Insufficient amount of iron present in the body leads to reduction in serum transferrin (Serum betaglobulin, which binds and transports iron) saturation. This results in decreased production of hemoglobin. As the haemoglobin production lessens, new red cells that are formed become smaller (Microcytic) less well filled with hemoglobin and pale (Hypochromic). Iron deficiency results in reduced haemoglobin levels, diminished red cell formation and reduced oxygen carrying capacity of the blood, resulting in anaemia.
Your responsibility as a nurse is to identify, the symptoms like irritability, loss of appetite mainly for solid foods, pica, pallor, lethargy, listlessness and constipation. The child may appear normal but his potential for growth and development and intellectual performance is effected.

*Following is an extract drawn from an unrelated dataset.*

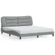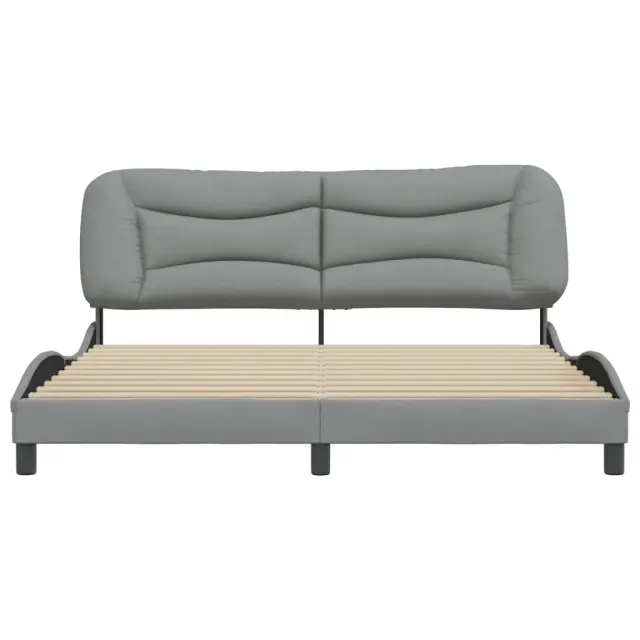 Zagotovite si boljši spanec s tem posteljnim okvirjem z vzglavjem! Je prijeten dodatek za vsako spalnico. Tkanina z dolgo življenjsko dobo: Tkanina je preprostega in čistega videza, hkrati pa je zračna, prijazna do kože in vzdržljiva.Letvice iz vezanega lesa: Letvice iz vezanega lesa omogočajo dobro porazdelitev teže in zagotavljajo, da vzmetnica ostane na mestu ob vsakem zasuku in obračanju med spanjem.Odlična podpora: Vzglavna stranica je napolnjena s PP vlakni za izjemno mehkobo in optimalno udobje ter zagotavlja odlično podporo hrbtu, ko sedite v postelji in berete ali gledate televizijo.Priročna zasnova: Vzglavna stranica ima zadrgo za preprosto namestitev, pripenjala na zadnji strani pa se lahko uporabijo za pritrditev LED lučk.Valovita stranica: Valoviti videz posteljnega okvirja je eleganten in prefinjen. Dekorju v vašem domu dodaja sodoben in eleganten pridih ter tako postane osrednja točka spalnice. Dobro je vedeti:Vzmetnica ni priložena tej postelji. Ponujamo različno izbiro ležišč. V naši trgovini si lahko ogledate ustrezne vzmetnice.Posteljni okvir z vzglavjem:Barva: Svetlo sivaMaterial: Tkanina (100 % poliester), kovina, trdna borovina, vezan lesCelotne dimenzije: 218 x 185 x 74,5 cm (D x Š x V)Velikost primerne vzmetnice: 180 x 200 cm (Š x D) (vzmetnica ni priložena)Oblazinjeno vzglavje:Barva: Svetlo sivaMaterial: Blago (100 % poliester)Material polnila: PP vlaknaDimenzije: 190 x 15 x 48 cm (D x Š x V)Širina primerne vzmetnice: 180 cmPotrebno sestavljanje: DaPaket vsebuje:1 x Posteljni okvir z vzglavjem1 x Oblazinjeno vzglavje

The infant with iron deficiency anaemia is many a times over weight because of excessive intake of milk and is called milk baby. Some children may be underweight because of anorexia.
Diagnostic evaluation includes, thorough dietary history, blood examination which shows fall in RBC count, haemoglobin level (below 11 gm/dl), a lowered packed cell volume (PCV) mean corpuscular volume (MCV) mean cotpusular haemoglobin concentration (MCHC). Peripheral blood smear shows hypochromic, microcytic cells, serum ferritin concentration values below 10 mg/dl and serum iron levels are below 30 mg/dl and total iron binding capacity is elevated to 350 mg/dl. Stool is examined for ova, cysts and occult blood.